Не заметив иронии, Андрей с гордостью продолжал:
— А я был вон на той верховине. Там снег лежит и метет поземка… Как раз солнце всходило… Красиво! Словно сказка… Давай сходим как-нибудь туда вечерком.
— Нет уж.
— Так ведь не одни, с девчатами. Всей бригадой. Культпоход устроим, что ли. Девчата — те согласны…
— Ты бы лучше над математикой посидел, — нахмурилась Олеся, быстро спускаясь по узенькой тройке в долину.
Андрей шел по траве рядом, заглядывая девушке в глаза. А когда она вырывалась вперед, он настигал ее и, размахивая хищником, преграждал дорогу. Да он-то и убил коршуна для того лишь, чтобы сделать ей приятное, а она не догадывается. Опять укоряет его математикой.
— Математика не убежит… Наверстаю.
— Пока наверстаешь, ровесники твои кибернетику успеют изучить. Тогда снова наверстывать придется. Это гора вот только на месте стоит. А наука не стоит. Человек теперь не сделает карандашом того, что вычислительная машина. А ты до сих пор все карандашом… Математик…
— Я не машина, — присвистнул Андрей. Он лихо одернул вельветовую куртку с молниями, сбил набекрень флотский берет. Ветер тут же растрепал волосы, из-под ворота выглянула матросская тельняшка.
— Да уж это точно. Ты-то не машина, вот только возле машины стоишь.
— Это все из районной газеты, Олеся, старо и пресно, — криво усмехнулся Андрей, а уши его вмиг запылали. Он явно рассердился.
Олеся, словно бы и не замечая этого, донимала его по-прежнему:
— Газета? Нитки на станках рвутся, вот такими вот слезами ревем, сплошь черный брак идет, а ты говоришь — газета? Сколько на станке ниток?
— Тысячи, не хуже моего знаешь! — глухо бросил Андрей.
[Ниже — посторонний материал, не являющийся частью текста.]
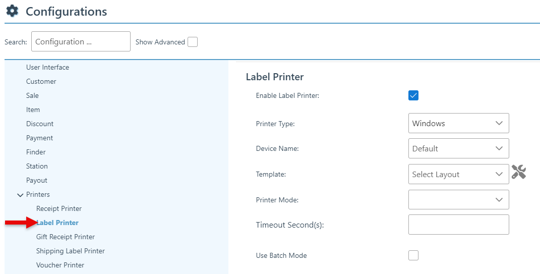 Select the “Enable Label Printer” checkbox to allow for a label printer connection.

— Ниток тысячи, а ткачиха одна. Как она увидит, когда именно и какая нить оборвалась? Не увидит она. А брак уже пошел полным ходом… А ты ведь обещал… Рисовал, чертил да так и забросил… Я тебе уж давно хочу рубашку из такого вот бракованного шелка сшить… Почему ты все забросил?
— Инженер не хочет канителиться…
— А Василий Бурый разве не бригадир теперь?
— Что Василий? Махнул рукой и посвистывает: не при нас начало рваться, не при нас и перестанет… Пусть те думают, кто конструирует станки. Пусть они мозгами поворочают…
— А ты что ж, не хочешь?
— Пусть твой Гнат хочет! — выпалил Андрей и даже замедлил шаг, чтобы посмотреть, какое это произведет впечатление на Олесю.
— Да он такой же мой, как и твой, — бросила Олеся и мягко отстранила парня.
— Ха-ха! — хохотнул Андрей. — Как же это получается? Ходил к тебе, телефоны в цеху почти пообрывал… Возле проходной трется, а все не твой… Пора бы уж и в загс…
— Поспешишь, миленький, людей насмешишь…
— А ты все испытываешь, хочешь, чтобы в паспорте гарантия была? Понимаю. Только смотри, как бы случайно не сорвалась эта твоя гарантия. Посмотрят в штабе его анкету и скажут: «Хватит, браток! Послужил на море теплом, теперь давай отправляйся на Ледовитый океан». Загудит твоя гарантия…
— А он уж служил там, попал ты пальцем в небо.
— А могут и на ТОФ предложить! Поедешь с ним туда?
— К тебе прибегу советоваться. Обязательно-преобязательно прибегу.
— И сядем мы на мой мотороллер да и покатим, Олеся, в горы, чтобы ни людей, ни шума. Только мы вдвоем да море, лес и горы. И орлы в небесах. Горные орлы. Беркуты! Не такие, как вот этот недоносок. Олеся, не нужно тебе никуда из Новограда уезжать. А, Леся? Так ведь лучше будет, Леся…
— Не мели ерунду, Андрей. У тебя, во-первых, нет мотоцикла, — та, вторая, что никогда не бывала на людях, решила отделаться шуткой.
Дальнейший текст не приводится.